18.08.2018, Richard Strauss, „Salome“ bei den Salzburger Festspielen

Stand: 18.08.2018, 13:50 Uhr

Jochanaan ist ein schwarzes Pferd, ein lebendiges Pferd, das sich in der Bühnenvertiefung zu einer brutal brüllenden Musik bewegt, nachdem der Täufer Salome verflucht hat. Diese Vertiefung ist die Zisterne, in der Jochanaan haust, aus der Stallknechte Haare und Schmutz ziehen. Gábor Bretz singt mit dumpfer drohender Stimme seine Verwünschungen. Er bewegt sich in der Sphäre des Animalischen nicht des Prophetischen.

Vorher war er aus dem Loch auf den glänzenden, glatten Bühnenboden gestiegen, der als bloße Fläche den Palast des Herodes kennzeichnet. Dabei erscheint er als schwarzer Vogel im Schatten einer schwarzen Sonne. Sonne und Vogel sind die Visionen, die später Herodes plagen. Romeo Castellucci hat die Galerien der Felsenreitschule zurückgebaut, so dass sich senkrecht zum Palastboden eine rauer Fels erhebt, als sprechender Stein, wie im Programmbuch zu lesen ist, obwohl die Münder der Galerien verschlossen sind.
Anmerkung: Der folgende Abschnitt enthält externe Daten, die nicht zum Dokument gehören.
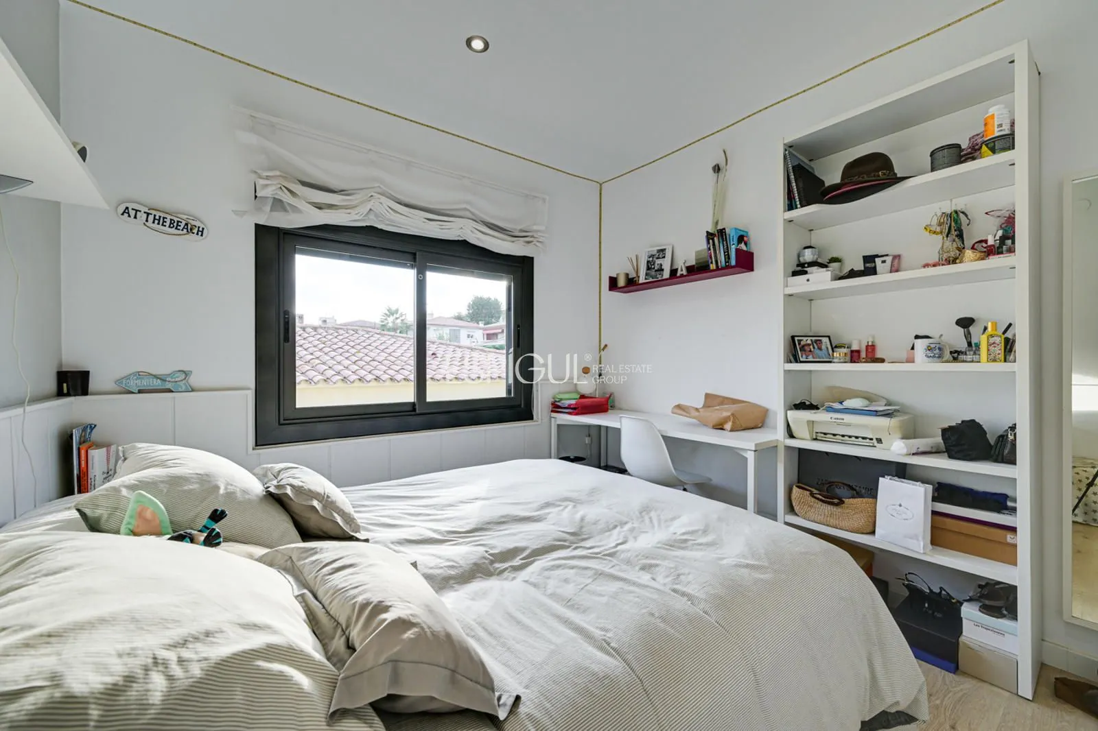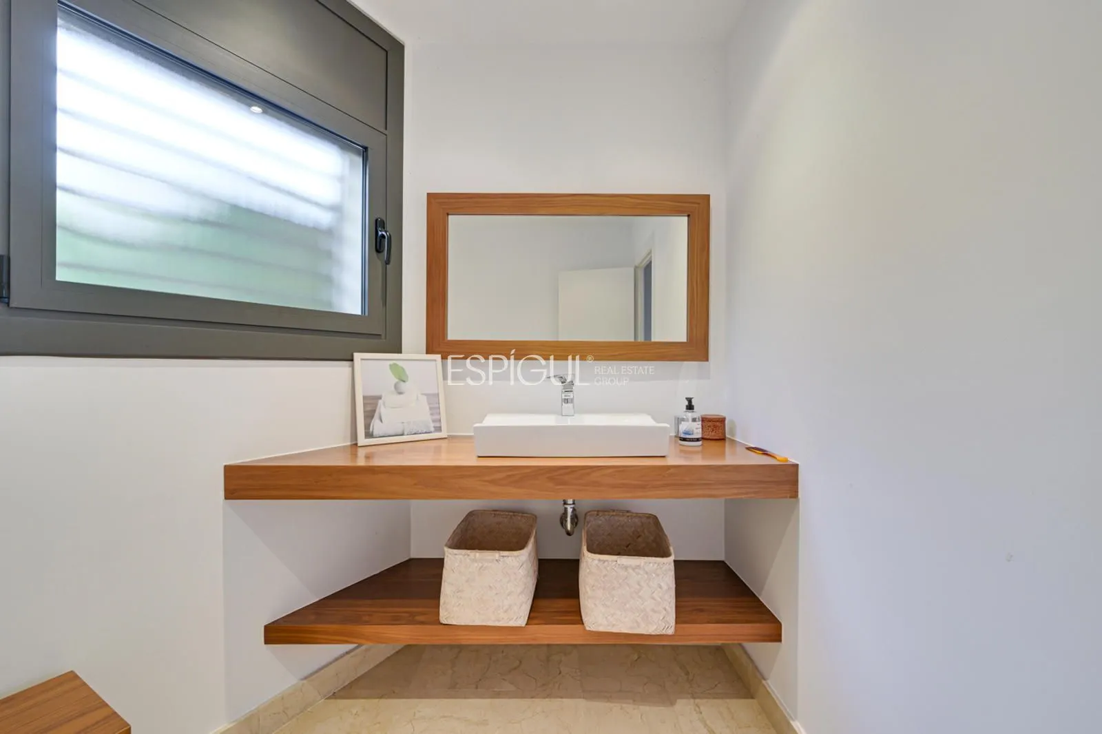 En la planta inferior, a nivel del jardín, se encuentra un porche de 80 m² con comedor de verano y barbacoa, ideal para disfrutar de las reuniones al aire libre. Además, dispone de dos salas con un total de 30 m², perfectas como zona de ocio, despacho o incluso para crear un apartamento independiente. En esta misma planta se ubican el garaje y un aseo de cortesía.
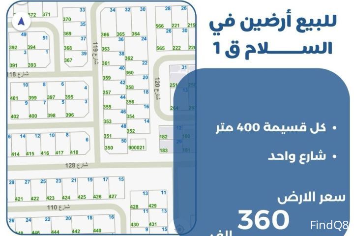 للبيع ارضين في منطقة السلام قطعة 1 كل قسيمة 400 متر شارع واحد السعر الارض 360 الف
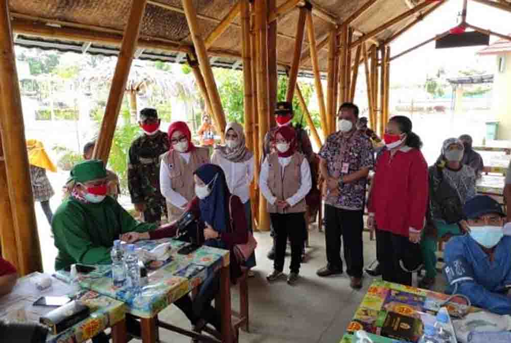 BUPATI Grobogan Sri Sumarni melakukan pantauan vaksinasi ke Kecamatan Brati, tepatnya di Taman Wisata Geopark, Desa Karangsari, Minggu (22/8/2021) pagi.
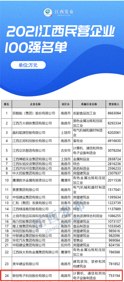 1213日,2021江西民营企业100强、2021江西制造业民营企业100强、2021江西服务业民营企业20强榜单发布,MG不朽情缘电子以强大的综合实力和稳健的发展态势,连续第九年荣登榜单其中,在江西民营企业100强中位列第24,较前一年位次前进3位,在江西制造业民营企业100强中位列第13位。
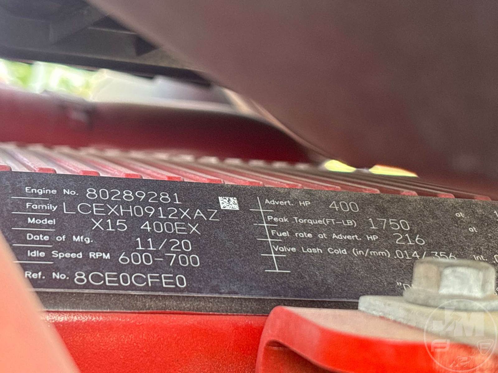 TANDEM AXLE DAY CAB TRUCK TRACTOR, CUMMINS, ISX15, EATON FULLER, AUTOMATIC, AIR RIDE SUSPENSION, COMBINATION, 175 " WB, C/A: 87 IN., 12K FRONTS, 40K REARS, 52350 LBS GVWR, AIR SLIDE FIFTH WHEEL, A/C, AIR DRIVERS SEAT, CRUISE CONTROL, POWER WINDOWS, POWER DOOR LOCKS, POWER MIRRORS, DIFF LOCK, AIR RIDE CAB, ALUM DISC WHEELS, 295/75R22.5 STEER TIRES, 295/75R22.5 TIRES, 12 SPEED TRANSMISSION, ALL ALUMINUM WHEELS, COLLISION MITIGATION SYSTEMÂ , HOUR METER READS: 9914, ODOMETER READS: 430133
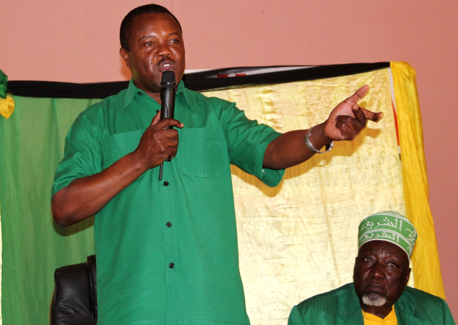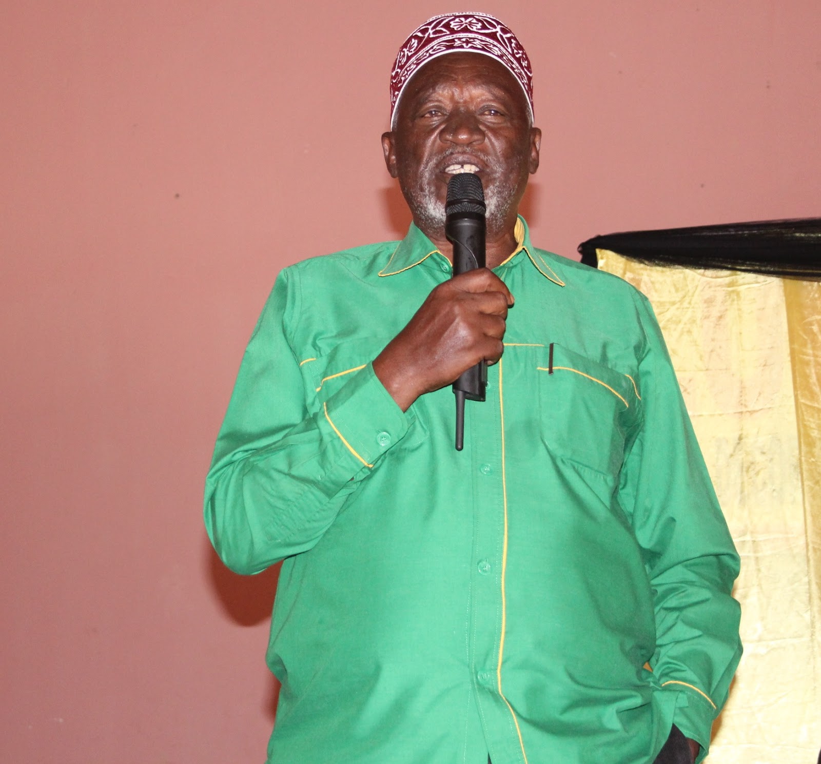 Mwenyekiti wa Umoja wa Wazazi CCM mkoa wa Shinyanga Salum Abdalah Simba akizungumza wakati Umoja huo ukitoa tamko la kumpongeza rais John Pombe Magufuli kwa kutekeleza kikamilifu ilani ya CCM.
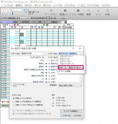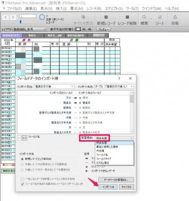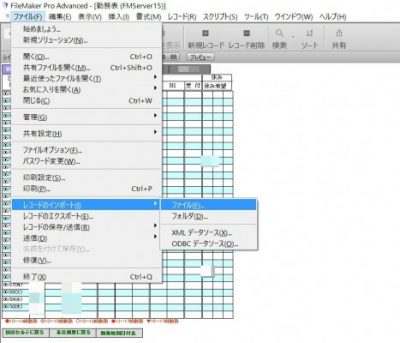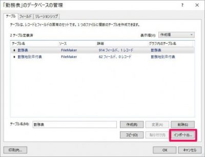 「勤務表」のデータベースの管理からテーブルタグを開き[インポート]をクリック。FilemakerPro Advancedでないとインポート表示が出ません。
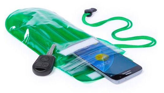 Bolsa para telemóvel em poliéster 600D RPET. Com fecho de correr e puxador de cordão.
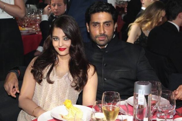 Indian beauty queen and Bollywood actress Aishwarya Rai Bachchan reunited with her husband Abhishek Bachchan at Cannes 2014 where the couple hosted the amfAR Gala on Thursday (May 22). (Source: AP)
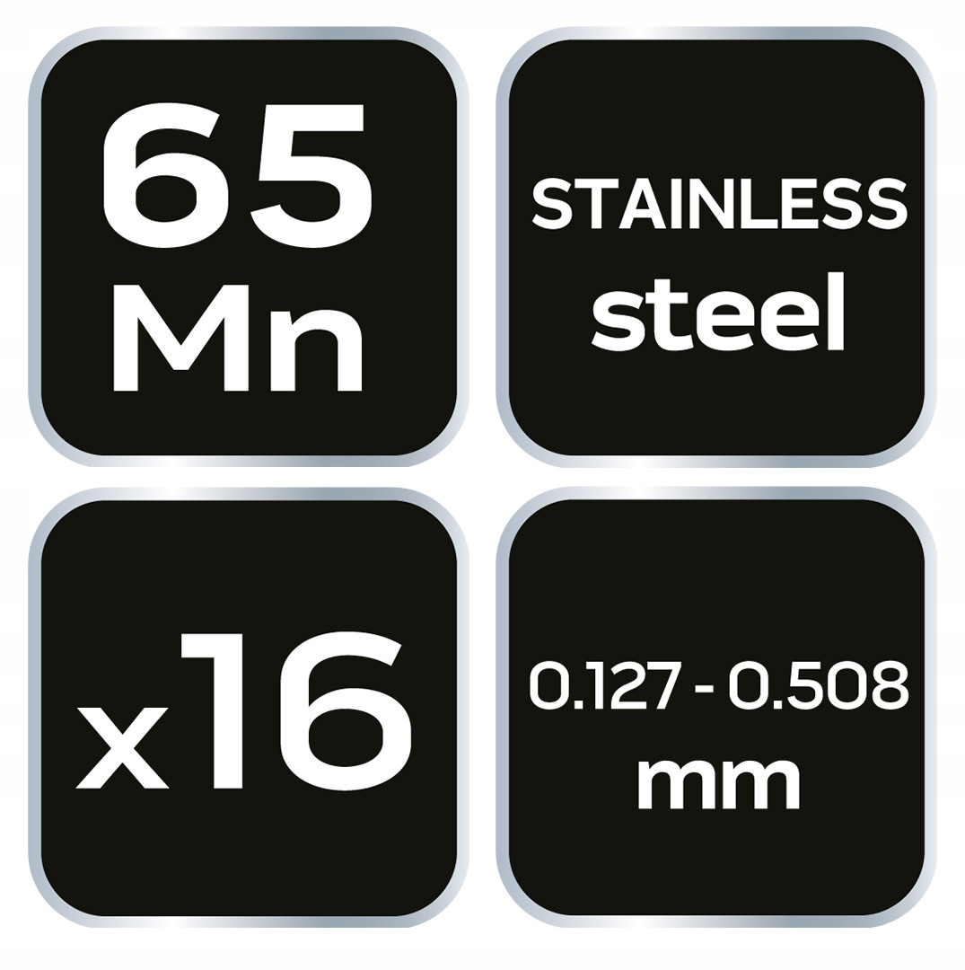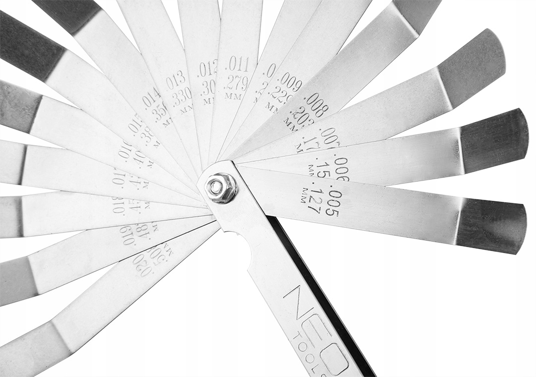 Толмомер на 16 гнутых лопастей (0,127 - 0,508 мм) 65МН/нержавеющая сталь 11-192 от NEO – практичный инструмент, позволяющий измерить расстояние между двумя элементами конструкции, когда невозможно использовать другой измерительный прибор. Он имеет 16 изогнутых створок толщиной от 0,127 до 0,508 мм, результаты работы которых можно легко прочитать даже после вырезания инструмента из паза – поэтому его используют и в ситуациях, когда пространство ограничено. Он позволяет измерять зазоры подшипников или зазоры клапанов двигателя. В свою очередь садовод может самостоятельно проверить и отрегулировать зазор на электродах свечи зажигания газонокосилки или бензопилы. Щуп марки NEO изготовлен из твердой стали 65 МН и нержавеющей стали. Идеально подходит для автомастерских и гаражей автовладельцев.

Beim Schleiertanz sitzt Salome hinter einem großen altarähnlichen Würfel und blickt starr auf diese Mauer.

Romeo Castelluccis Inszenierung ist voll von solchen Bezügen, die er hinzugedacht oder auch genau auf das Textbuch bezogen hat, z.B. wenn Herodes anstelle von Jochanaans Kopf Salome farbige Topase geben will, die von Form farbigen Körpern in durchsichtigen Plastiksäcken auf die Bühne gezerrt werden.

Statt des Kopfes werden der Rumpf von Jochanaan und ein Pferdekopf präsentiert. Es geht um das Abgeschlagen-Haben, nicht um das Präsentieren einer Trophäe, das Castellucci zeigen will, ein archaischer, grausiger Akt, den er in einen Gegensatz zu den Johannes-Täufer-Motiven der Barock-Malerei bringt, aus denen der Kopf meist verklärt blickt.

Dieses Geschehen auf der Bühne strahlt Klarheit und eine merkwürdige kraftvolle Ordnung aus. Castellucci hat eine vielschichtige Installation aus eigenem Kunstanspruch gebaut, die sich doch überraschend bruchlos zum szenischen Geschehen fügt, mit ständigem Bezugspunkt auf die litauische Sängerin Asmik Grigorian als Salome im schlichten weißen Kleid, die alles das in der Premiere in sich aufsog und stimmlich zu entäußern wusste. Bei besuchten Vorstellung musste sie krankheitshalber durch Malin Byström ersetzt werden. Die Furcht, dass ohne Grigorian alles in sich zusammenfallen könnte, war unbegründet., Byström fügte eine Variante hinzu, indem sie die Salome noch ein Stück zerbrechlicher erschienen ließ, gleichzeitig mit dem Ausdruck triebhafter Unbedingtheit („Ich habe Deinen Mund geküsst“). Dass sie ohne Probe sich in diese Konstellation hinein gefunden haben soll, vemag man nicht zu glauben.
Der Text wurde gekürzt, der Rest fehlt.